-
Bug
-
Resolution: Fixed
-
P4
-
1.4.0
-
beta2
-
generic
-
generic
-
Verified
Name: bsC130419 Date: 06/20/2001
java version "1.4.0-beta"
Java(TM) 2 Runtime Environment, Standard Edition (build 1.4.0-beta-b65)
Java HotSpot(TM) Client VM (build 1.4.0-beta-b65, mixed mode)
The "\A" operator is supposed to match the very beginning
of the input text, but when you use it in conjunction with
the find() method, it actually matches the position where
the previous match ended, or the beginning of the text if
there was no previous match. (In fact, it works exactly
like Perl's "\G" operator.) The first example below should
only print "abc", but it goes on to match three more letters
on the next iteration. The "^" operator suffers from the
same problem--the second example should only print "abc" and
"jkl".
In the source code, I see that the Begin and Caret node
classes compare the current position to matcher.from and
matcher.first, respectively, to determine whether it's the
beginning of the input.
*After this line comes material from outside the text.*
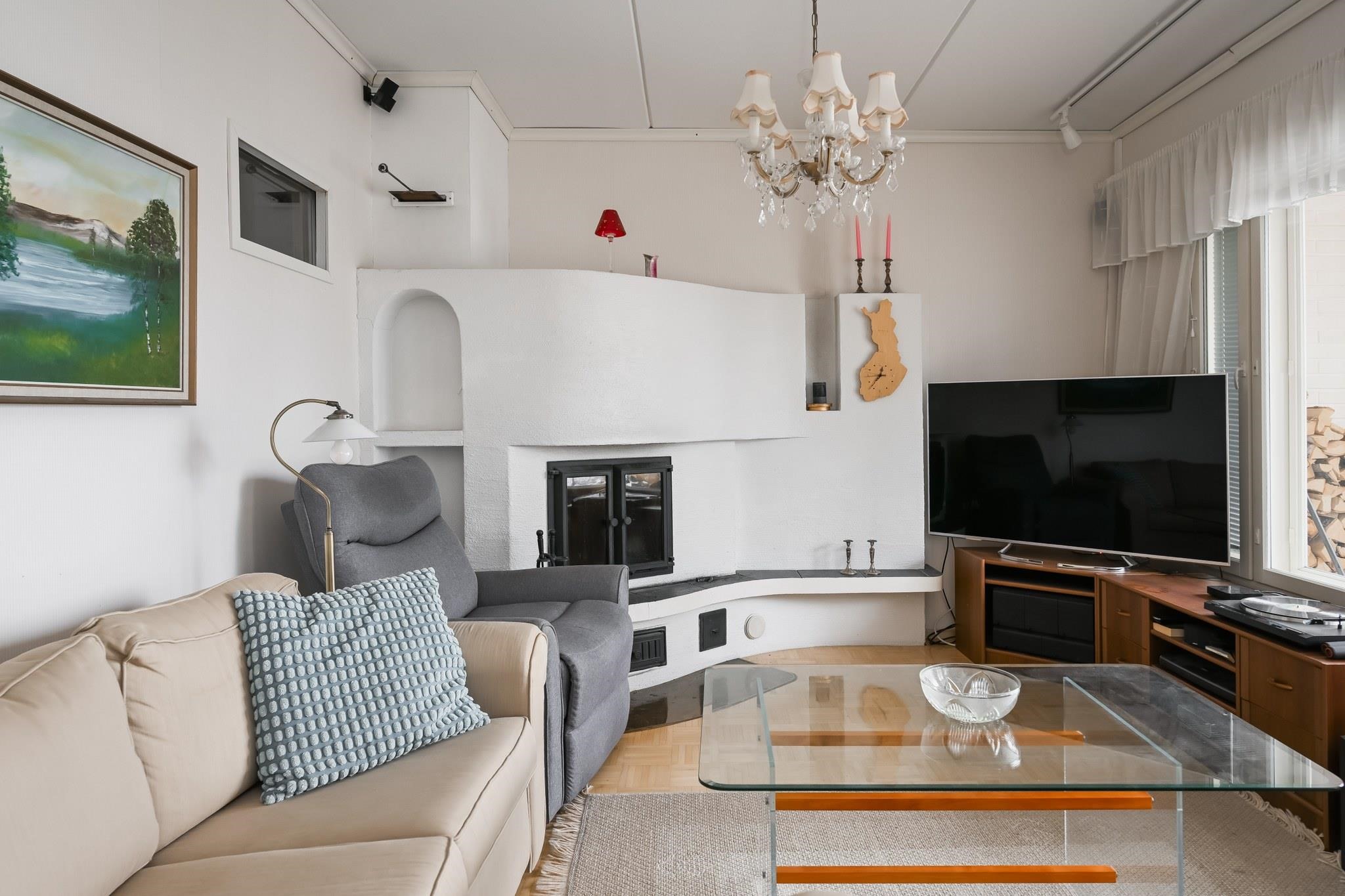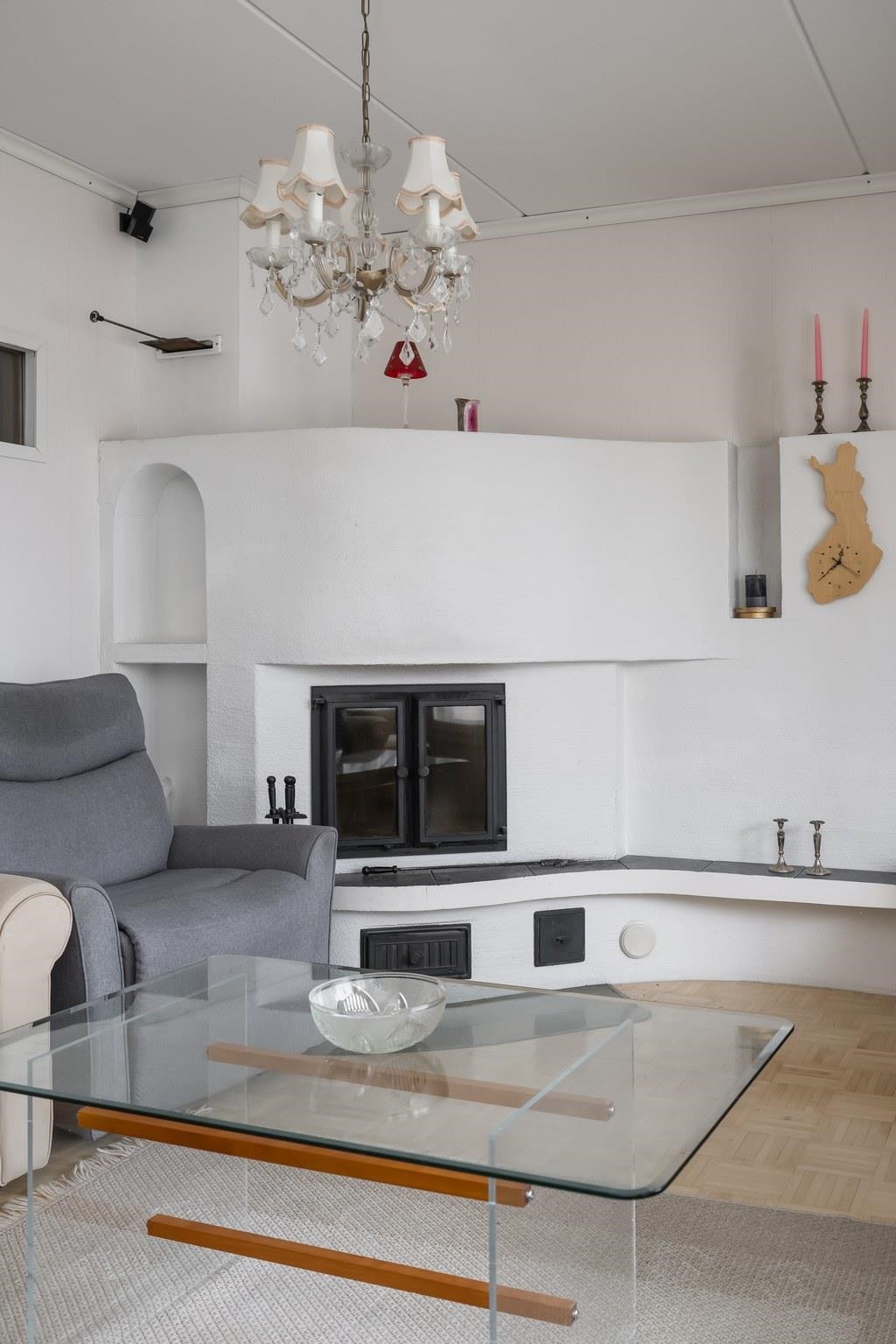 - Keittiö: Lattia parketti / seinät tapetti ja välitila laatta. Olohuone: Lattia parketti / seinät tapetti. Makuuhuone 1: Lattia parketti / seinät tapetti. Makuuhuone 2: Lattia parketti / seinät tapetti. Kodinhoitohuone: Lattia laatta / seinät maalattu lasikuitutapetti ja välitila laatta. Sauna: Lattia laatta / seinät puupaneeli. Kylpyhuone: Lattia laatta / seinät laatta. Eteinen: Lattia parketti / seinät tapetti. Wc: Lattia laatta / seinät laatta. Alakerran wc: Lattia laatta / seinät laatta. Apukeittiö: Lattia parketti / seinät tapetti. Takkahuone: Lattia parketti / seinät tapetti.

But when the find() method is
called, it sets both those values to the end position of the
last match, plus one. Shouldn't they be comparing to zero
instead?
----------------------- sample code ---------------------------
import java.util.regex.*;
public class AnchorTest
{
public static void main(String[] argv)
{
Pattern p = Pattern.compile("\\A{alpha}{3}");
Matcher m = p.matcher("abcdef-ghi\njklmno");
System.out.println("\n" + p.pattern());
while (m.find()) {
System.out.println(m.group());
}
p = Pattern.compile("^{alpha}{3}", Pattern.MULTILINE);
m = p.matcher("abcdef-ghi\njklmno");
System.out.println("\n" + p.pattern() + " (multiline mode)");
while (m.find()) {
System.out.println(m.group());
}
}
}
------------------------- output -----------------------------
$ java AnchorTest
\A{alpha}{3}
abc
def
^{alpha}{3} (multiline mode)
abc
def
jkl
mno
(Review ID: 126953)
======================================================================